Ровно через сорок лет он напишет песню «В городском саду» – про то же самое: «После дождичка небеса просторны, голубей вода, зеленее медь. В городском саду флейты да валторны, капельмейстеру хочется взлететь». Перечитываешь ее, и непонятно: что изменилось? Большинство текстов в «Лирике» – еще не стихи, но ведь они о том же и почти теми же словами. Что прибавилось – или, напротив, ушло? Да, почти отказался от прямых признаний, всегда малодостоверных в его случае; да, ничто больше не называется по имени, главное мыслится размыто, бежит слов, не проговаривается вслух. Но неужели дело только в этом? Или в ритме? Или в подспудно вспоминающейся мелодии, которая и придает этой песне половину ее очарования?

Нет, в «Лирике» не хватает другого. Вот этого:

  • С нами женщины – все они красивы,
  • и черемуха – вся она в цвету.
  • Может, жребий нам выпадет счастливый:
  • снова встретимся в городском саду.
  • Но из прошлого, из былой печали,
  • как ни сетую, как там ни молю,
  • проливается черными ручьями
  • эта музыка прямо в кровь мою.

«Черными ручьями – прямо в кровь мою»: сомкнулись счастливое и страшное. Возникла та самая мелодия утрат, о которой он столько раз говорил; надежда столкнулась с безнадежностью, непоправимостью. В этом столкновении и выясняется вдруг жалкость любых утешений, относительность готовых формул, хрупкость веры… Иными словами, стихам 1955 года, чтобы стать стихами, не хватает одного: авторского присутствия, личной драмы.

В «Лирике» все стихи выдержаны в единой тональности, неизменной не только на протяжении одного текста, но и во всей книге, с начала до конца. Это то, что в соцреалистические времена называлось «трудной радостью». Да, горечь, да, утраты – но сквозь всё, так сказать, прорастает и устремляется светлое будущее, и все еще будет, и мы только начинаем жить заново. Апрель шастает по улицам Калуги, весельчак и проказник. Гости едут в Москву полюбоваться столицей – не за колбасой, а за счастьем. Настала первая послевоенная ночь, и уцелевший солдат бродит по городу, пытаясь представить будущее. Мы мучились, страдали, разлучались, но все у нас впереди.
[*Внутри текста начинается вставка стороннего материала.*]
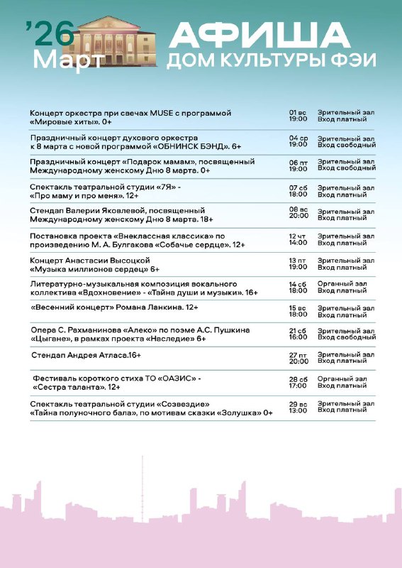 4 марта, 19:00 Праздничный концерт муниципального духового оркестра ДК ФЭИ, посвященный Международному женскому дню «ОБНИНСК БЭНД». (6+) Вход свободный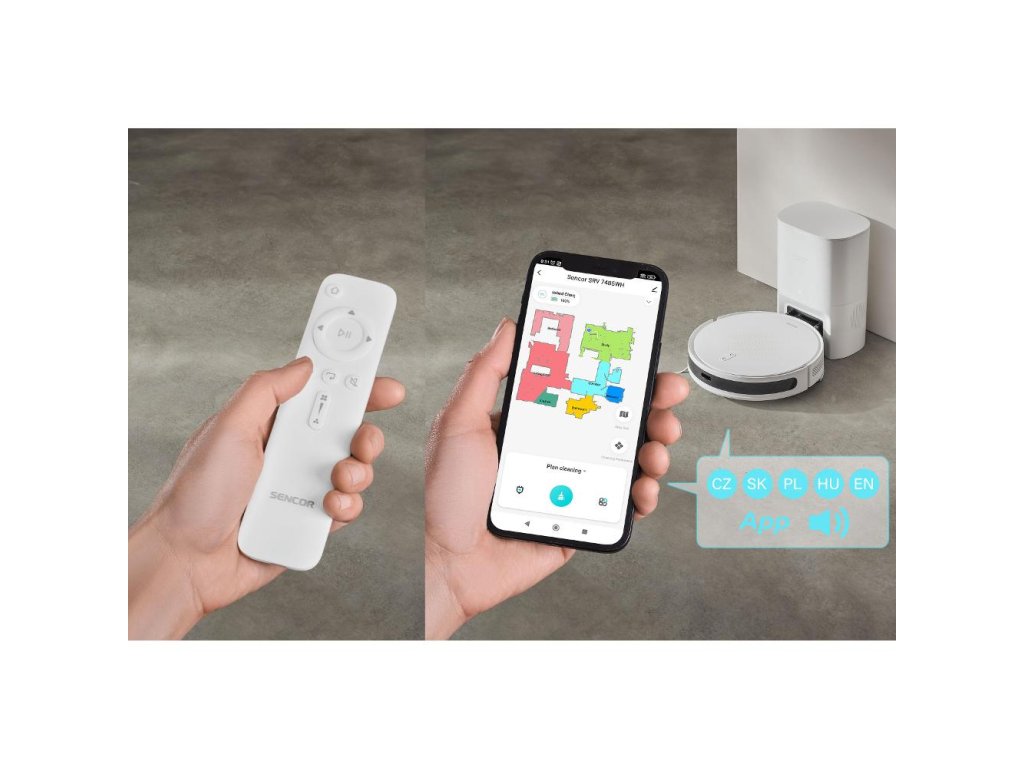 Sencor SRV 7450WH je inteligentní robotický vysavač, který zároveň mopuje a vysává. S vysoce výkonným motorem se sací sílou 5 000 Pa se můžete spolehnout na dokonalé výsledky. Li-Ion baterie s kapacitou 2 600 mAh zajistí na jedno nabití fungování až po dobu 140 minut. Přesnou orientaci v prostoru zajišťuje laserová navigace Lidar, která je integrovaná uvnitř vysavače a díky tomu je výška robota pouze 8,3 cm. Navigace umožňuje například naplánovat úklid v jednotlivých nebo nastavit zakázané zóny. K ovládání vám poslouží mobilní aplikace Sencor Home nebo dálkový ovladač. Jistě oceníte i jednoduché spárování pomocí Bluetooth.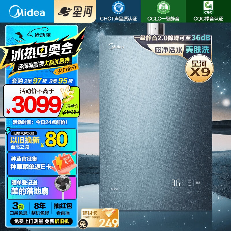 美的(Midea)安睡星河X9天然气16升燃气热水器 一级静音2.0 低噪增容水伺服 磁净阻垢增压188%活水JSQ30-X9星河价格:3099.00元!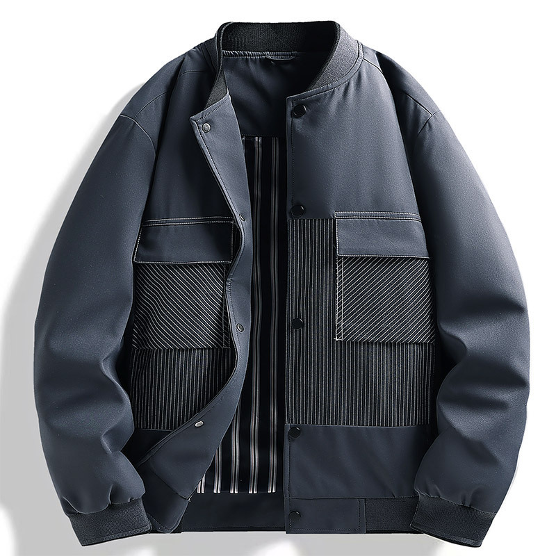 クロスボーダー 2025 春の新作ワークジャケットメンズフライトジャケット大きいサイズコートスタンドカラー無地カジュアルトップ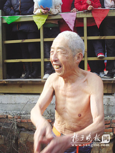 据悉,本次活动是20年来苏州冬泳爱好者首次在冬泳日到户外举办大规模活动。记者发现,200多名参赛者八成以上是老年人,80岁以上高龄的就有5位,其中还有一对老红军伉俪,84岁的邱协耕和81岁的吉利曾参加过渡江战役,邱老坚持游泳70年,冬泳泳龄也已经20多年了。陶德麒老人是参加本次活动中年纪最大的,今年已经89岁高龄。别看他瘦小,老人在水中可是如鱼得水。提起冬泳,老人显得很高兴。他告诉记者,他已经坚持了30年,不管天气多冷,一直坚持每天都游泳,身体很健康。当护士的老伴也很支持他的爱好。“30年如一日就这样坚持下来了!平时小毛小病都没有的!”老人笑言,现在很多人害怕甲流,可甲流却害怕冬泳人,因为坚持冬泳的人抵抗力都很好。

Даже смерть в какой-то степени поправима:

  • Поэта сраженного не излечить.
  • Лекарства – пустая затея.
  • И руки по швам опустили врачи,
  • со смертью схватиться не смея.
  • Пощады не жди в поединке таком.
  • Придворные были довольны.
  • И царь повелел, схоронивши тайком,
  • Забыть о поэте крамольном.
  • Конец? Но, резцы и палитры неся,
  • тропой незаросшей, знакомой
  • к могиле поэта сходились друзья,
  • как в прошлом сходились к живому.

То есть, глядишь, всё еще будет ничего себе. Ведь все мы хорошие люди.
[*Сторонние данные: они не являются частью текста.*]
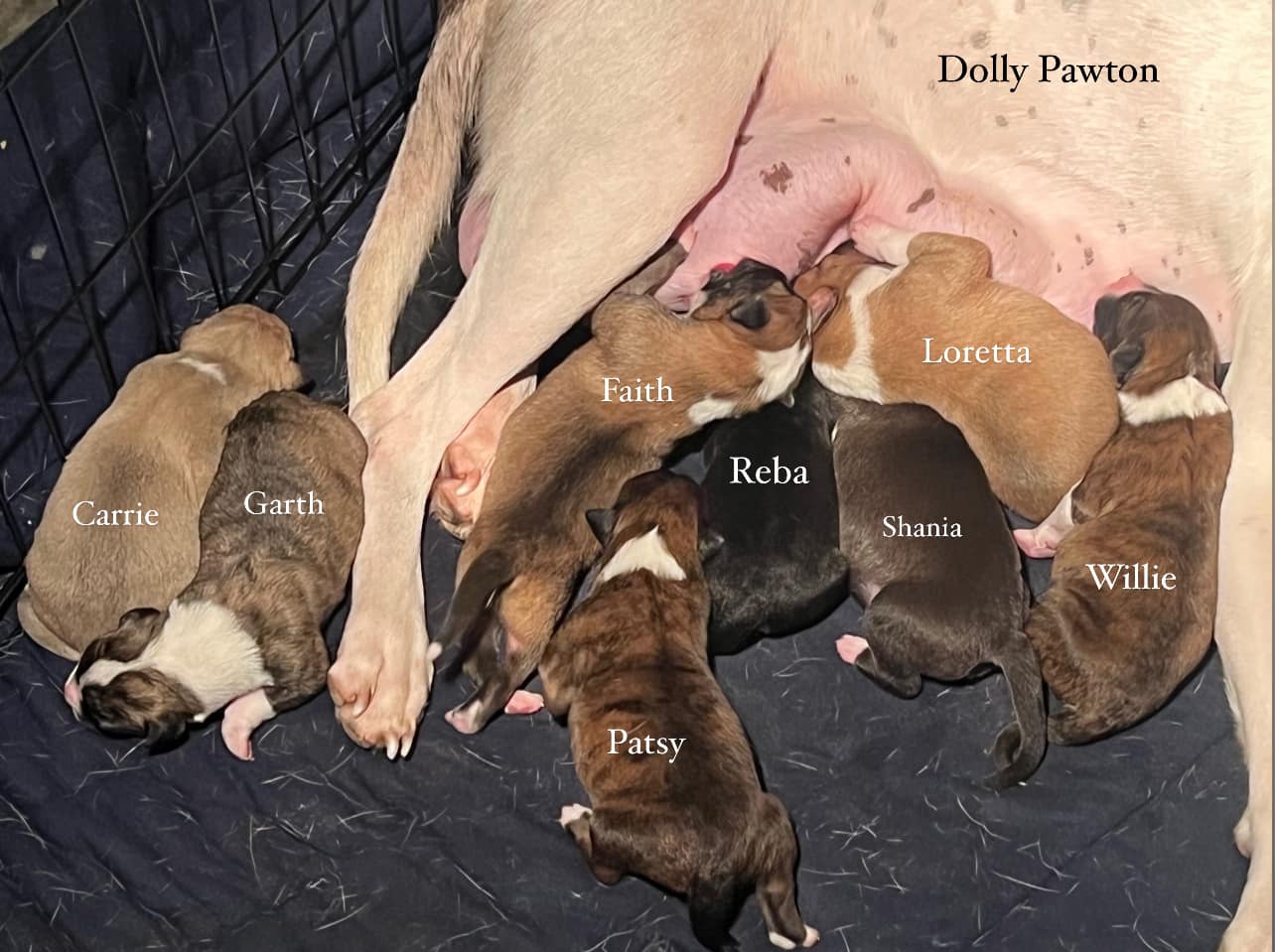 Y’all, these little pups are the cutest things since sliced biscuits! They’re a litter of pure southern charm, born and raised right here in our little neck of the woods. Their momma, the lovely Dolly Pawton, was found all alone and pregnant, but she’s found her forever home now.

Я скажу сейчас странную вещь: все это – очень честные стихи. Это главная их черта. Честные, разумеется, не в том смысле, что автор вполне свободен от конформизма, не думает о «проходимости», пишет, как дышит, не стараясь угодить, – нет: в них как раз отчетливо видно, где он вообразил редактора и попытался ему понравиться. Но эти стихи – в которых напрочь отсутствуют метафизическая глубина, второе измерение, глубокое человеческое содержание, – не пытаются казаться лучше, чем они есть. В них нет мастеровитости – жалкой замены мастерства.